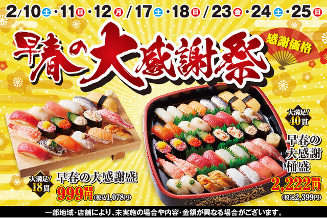 日頃のお客様のご愛顧に感謝の気持ちを込めて、ボリューム満点で好きなネタが盛りだくさん!『早春の大感謝祭』を開催いたします!!大変お買い得です!
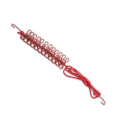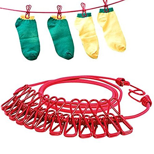 Product details: Material:PP stainless steel material,durable and strong. Made up of a long bungee cord,the cord is expandable/stretchable and the steel hooks allow you attach your line almost anywhere. Great for travel,outdoor camping,and home use ,A very convenient and handy tool. This clothesline Can hang underwear,towels ,socks,cloth diapers.bathing suits.etc... It's easy to take to the beach and use in your canopy to attach wet trunks or towels. The length of this clothesline is around six feet, but it can be stretched just over ten feet. 0
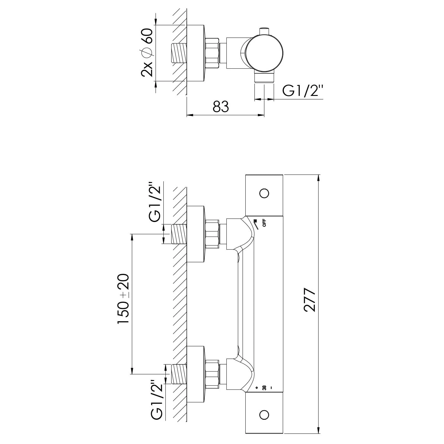 Steinberg Serie 390 Brause-Aufputz-Thermostat 1/2″
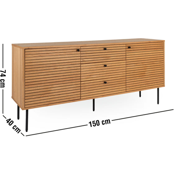 Skænk i matlakeret egefinér med 3 skuffer og to låger. Ben i sort pulverlakeret metal. Maxbelastning 30 kg.
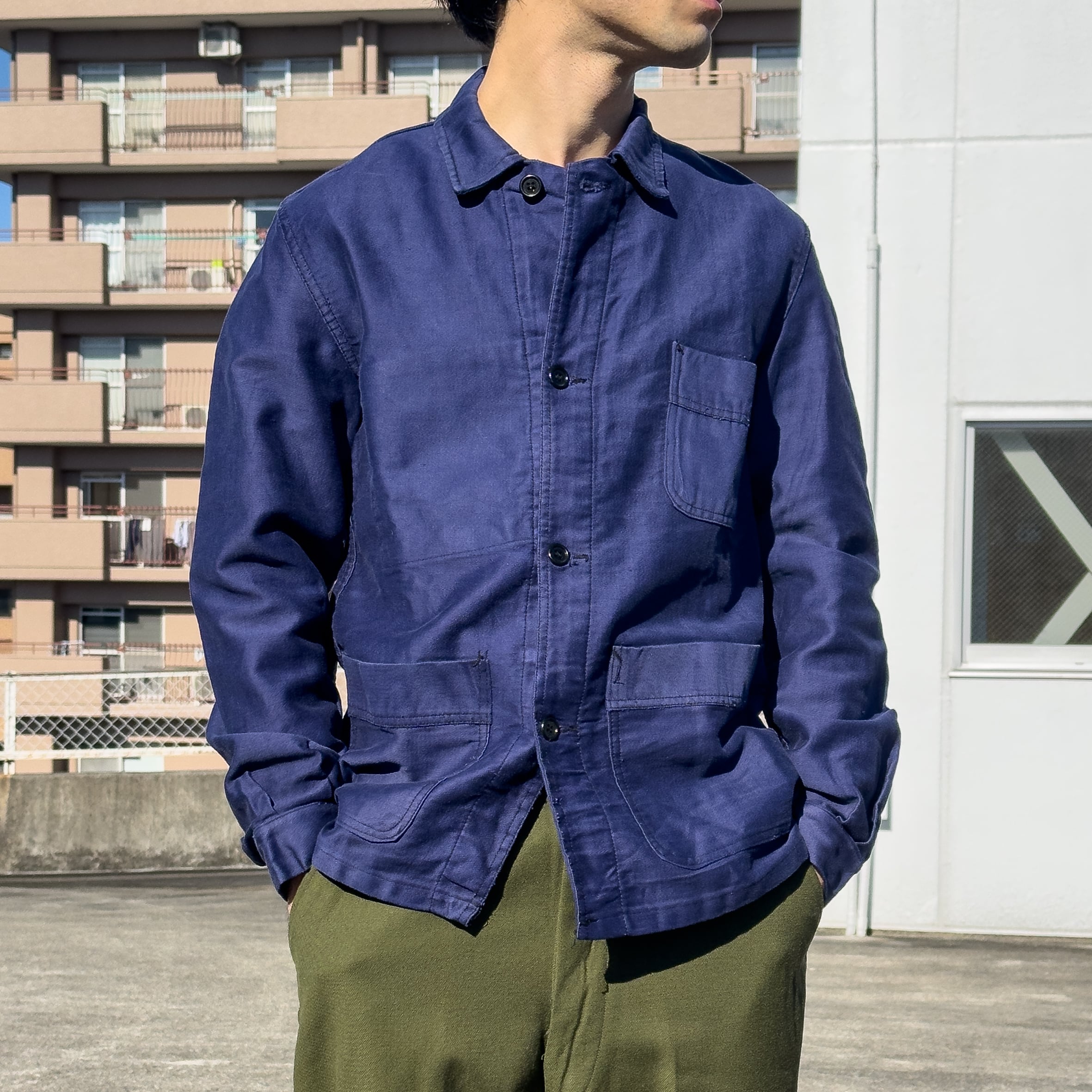 胸ポケット1つ + 大型のパッチポケット2つの3つポケ仕様、ラウンド気味に削られた小ぶりの襟、当時らしい 4ボタンのフロントなどディテールはフレンチワーク定番の仕様。
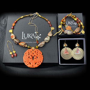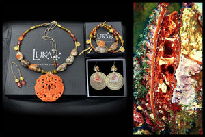 Ocean Jasper in the exact colours, Carnelians, Agates and of course the delicately  carved Jade pendant are my attempt to translate the Thorny Oyster into jewellery!
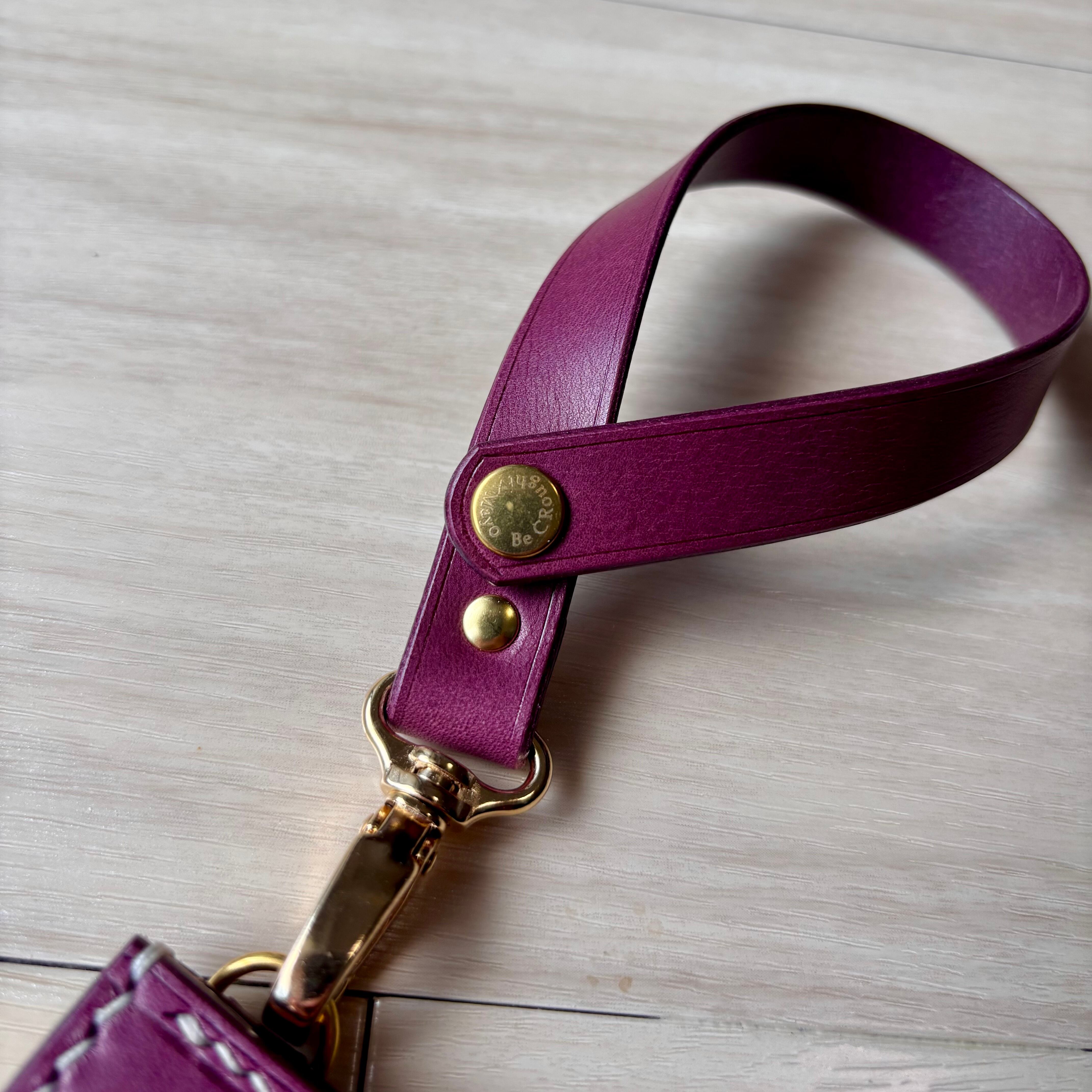 また、ストラップもバッグへの掛けやすさを意識した別デザインとなり、ダブルネーム入りのスナップボタンひとつで簡単に外せるので、ご気分やスタイリングに合わせてカバンへの付け替えもスムーズに行っていただけます。
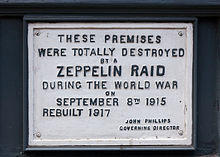 Amongst the notable buildings on Farringdon Road are the former headquarters of The Guardian newspaper at No. 119, the so-called Zeppelin Building at No. 61 built in 1917 after a Zeppelin raid during World War I, and the western side of Smithfield Market.
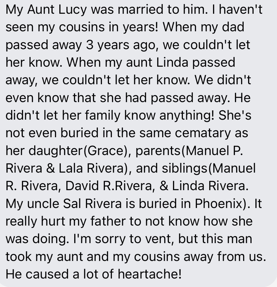 It's also come to our attention that relatives not affiliated with the church often discover a GDT family member's death much later, to their astonishment and upset. A notable instance involved the direct family of Lucy Rivera Noriega, who were unaware of her death until a significant time had passed. The "he/him" mentioned in these accounts refers to Isaac Noriega. These family members, already estranged, were further deprived of the chance to communicate their own losses within the family, highlighting a profound disconnection enforced by the church's policies.
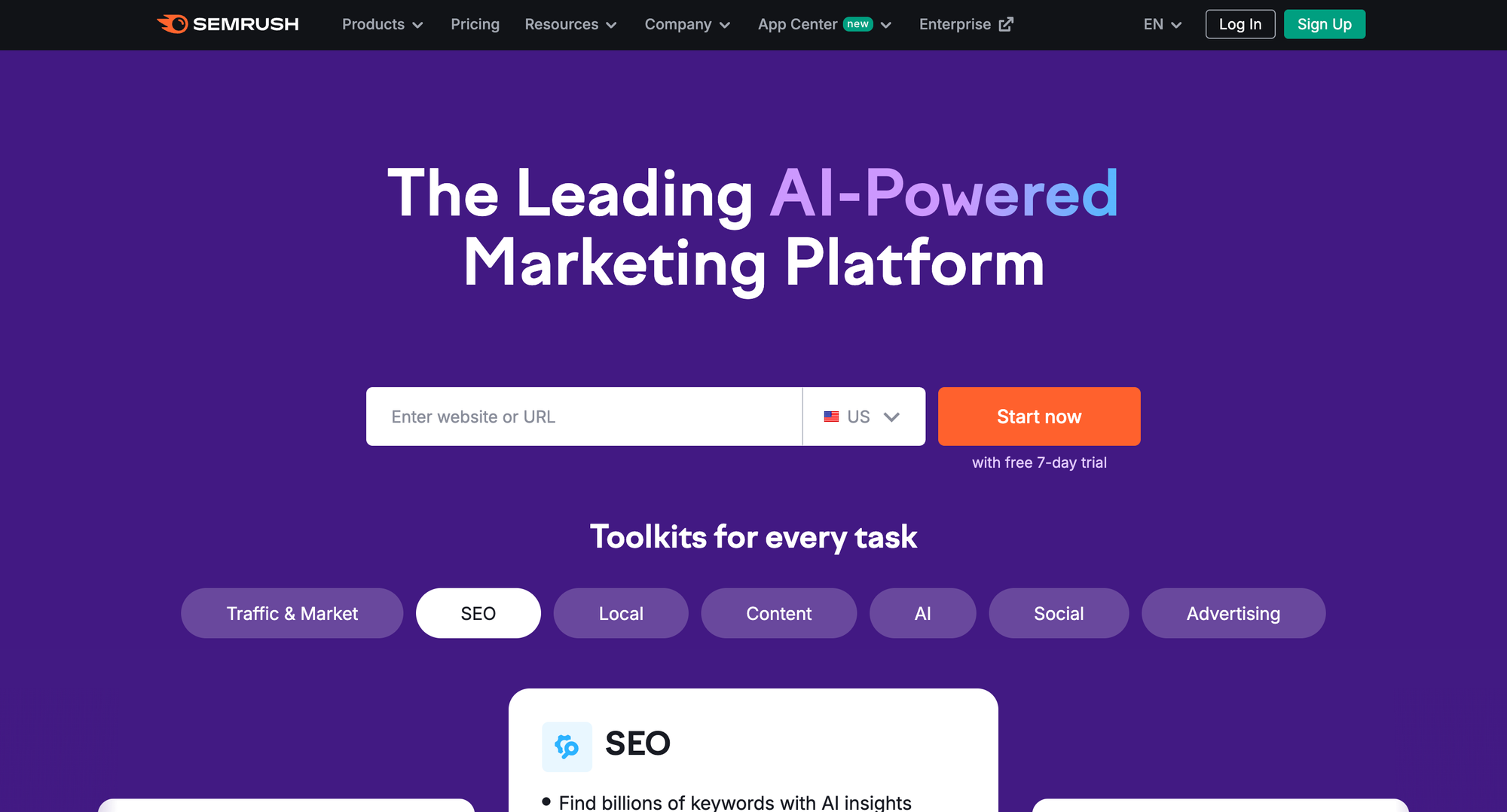 Semrush is one of the most versatile SEO AI tools, offering an extensive AI-powered SEO strategy that covers keyword research, technical audits, content optimization, and paid advertising insights.
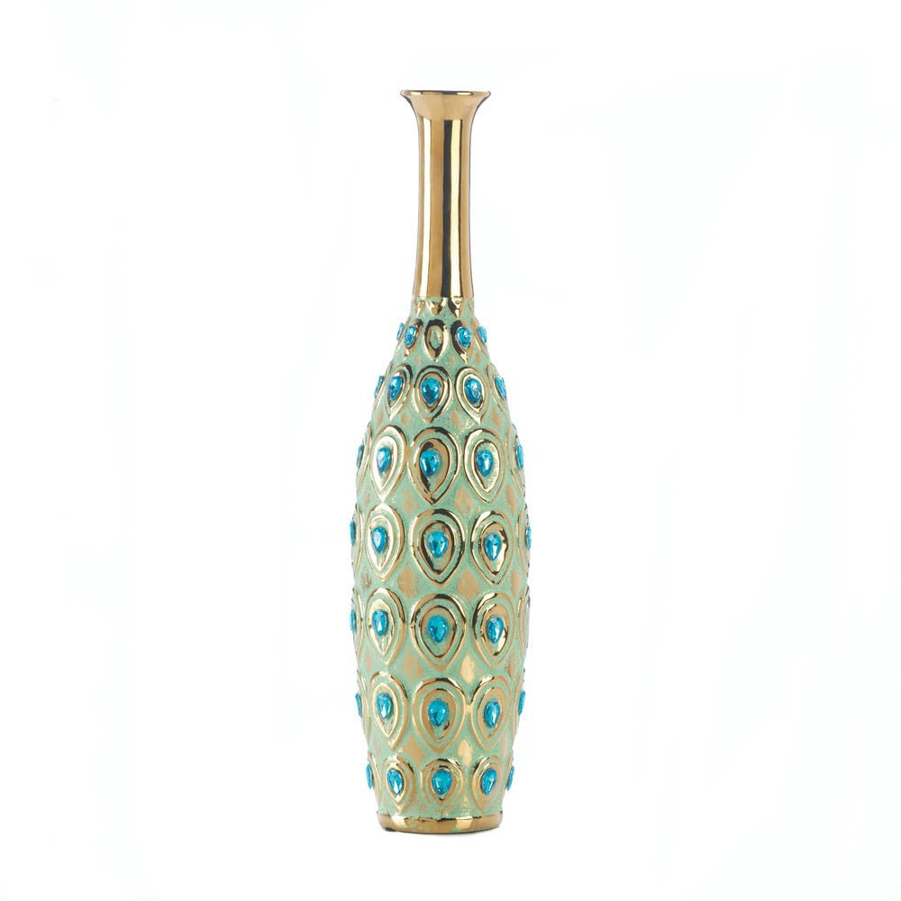 This dazzling long-neck vase is ready to strut its style on your mantel table or shelf. Its beautiful peacock design is highlighted by shimmering gold touches and turquoise jewels that sparkle and shine.
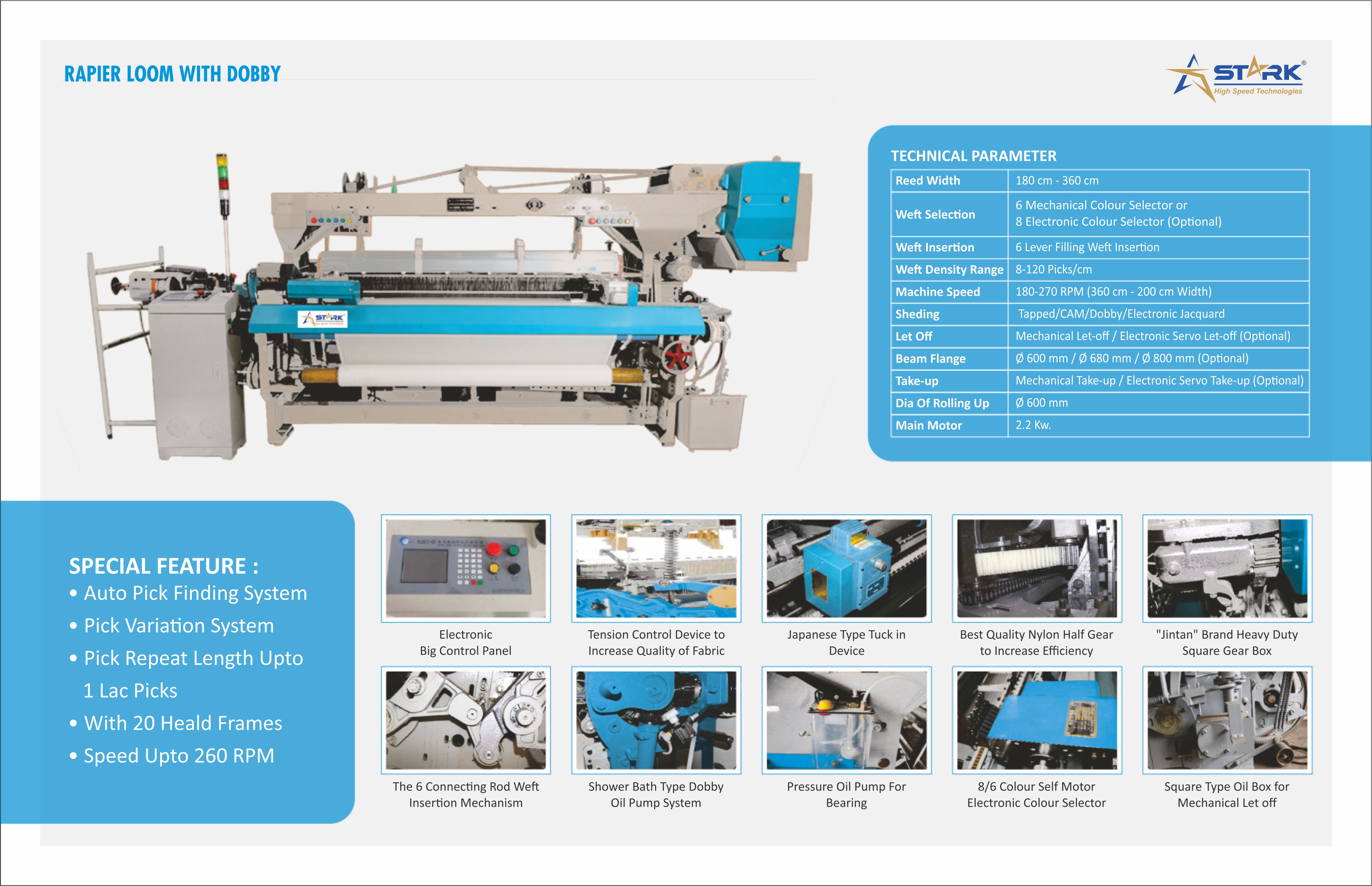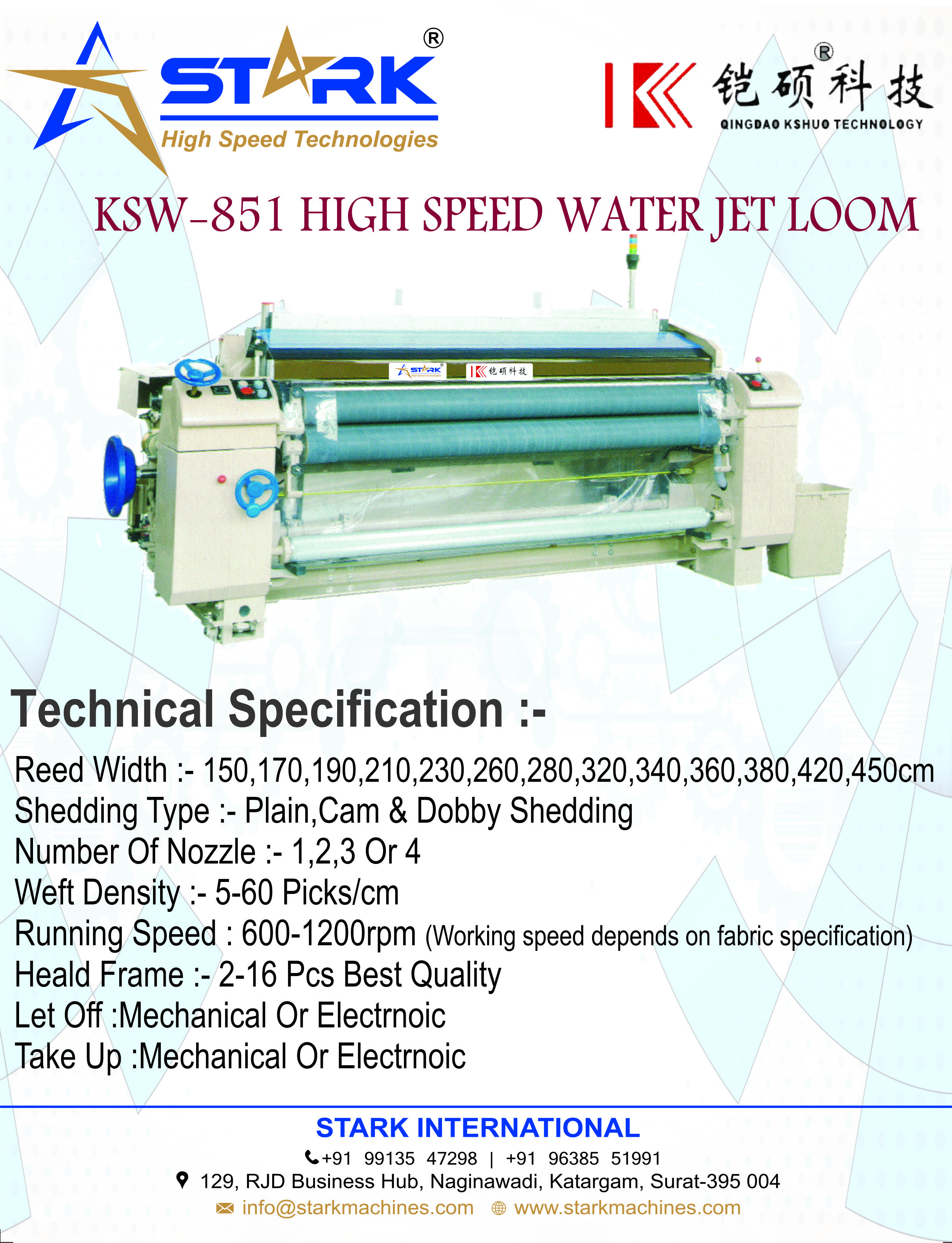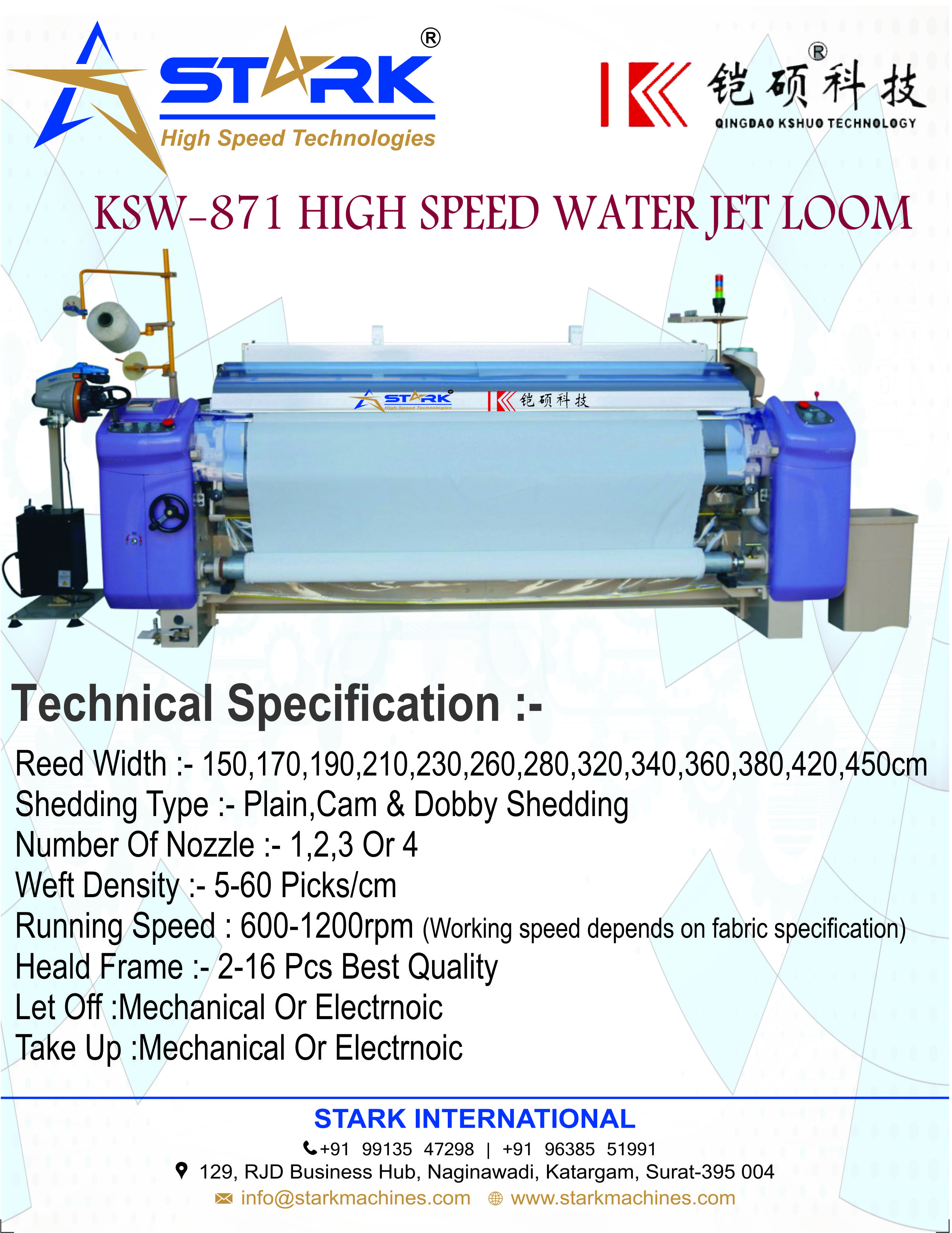 STARK INTERNATIONAL introducing the new OpMax model High Speed Rapier Loom 380cm width with 5376 Hook Electronic Jacquard successfully running at 400 RPM.

◆ ◆ ◆ ◆ ◆ ◆ ◆

▶ **What you are asked to do**
Please retype every entry above exactly, leaving out any picture.

▶ **Task solution**
 日頃のお客様のご愛顧に感謝の気持ちを込めて、ボリューム満点で好きなネタが盛りだくさん!『早春の大感謝祭』を開催いたします!!大変お買い得です!
 Product details: Material:PP stainless steel material,durable and strong. Made up of a long bungee cord,the cord is expandable/stretchable and the steel hooks allow you attach your line almost anywhere. Great for travel,outdoor camping,and home use ,A very convenient and handy tool. This clothesline Can hang underwear,towels ,socks,cloth diapers.bathing suits.etc... It's easy to take to the beach and use in your canopy to attach wet trunks or towels. The length of this clothesline is around six feet, but it can be stretched just over ten feet. 0
 Steinberg Serie 390 Brause-Aufputz-Thermostat 1/2″
 Skænk i matlakeret egefinér med 3 skuffer og to låger. Ben i sort pulverlakeret metal. Maxbelastning 30 kg.
 胸ポケット1つ + 大型のパッチポケット2つの3つポケ仕様、ラウンド気味に削られた小ぶりの襟、当時らしい 4ボタンのフロントなどディテールはフレンチワーク定番の仕様。
 Ocean Jasper in the exact colours, Carnelians, Agates and of course the delicately  carved Jade pendant are my attempt to translate the Thorny Oyster into jewellery!
 また、ストラップもバッグへの掛けやすさを意識した別デザインとなり、ダブルネーム入りのスナップボタンひとつで簡単に外せるので、ご気分やスタイリングに合わせてカバンへの付け替えもスムーズに行っていただけます。
 Amongst the notable buildings on Farringdon Road are the former headquarters of The Guardian newspaper at No. 119, the so-called Zeppelin Building at No. 61 built in 1917 after a Zeppelin raid during World War I, and the western side of Smithfield Market.
 It's also come to our attention that relatives not affiliated with the church often discover a GDT family member's death much later, to their astonishment and upset. A notable instance involved the direct family of Lucy Rivera Noriega, who were unaware of her death until a significant time had passed. The "he/him" mentioned in these accounts refers to Isaac Noriega. These family members, already estranged, were further deprived of the chance to communicate their own losses within the family, highlighting a profound disconnection enforced by the church's policies.
 Semrush is one of the most versatile SEO AI tools, offering an extensive AI-powered SEO strategy that covers keyword research, technical audits, content optimization, and paid advertising insights.
 This dazzling long-neck vase is ready to strut its style on your mantel table or shelf. Its beautiful peacock design is highlighted by shimmering gold touches and turquoise jewels that sparkle and shine.
 STARK INTERNATIONAL introducing the new OpMax model High Speed Rapier Loom 380cm width with 5376 Hook Electronic Jacquard successfully running at 400 RPM.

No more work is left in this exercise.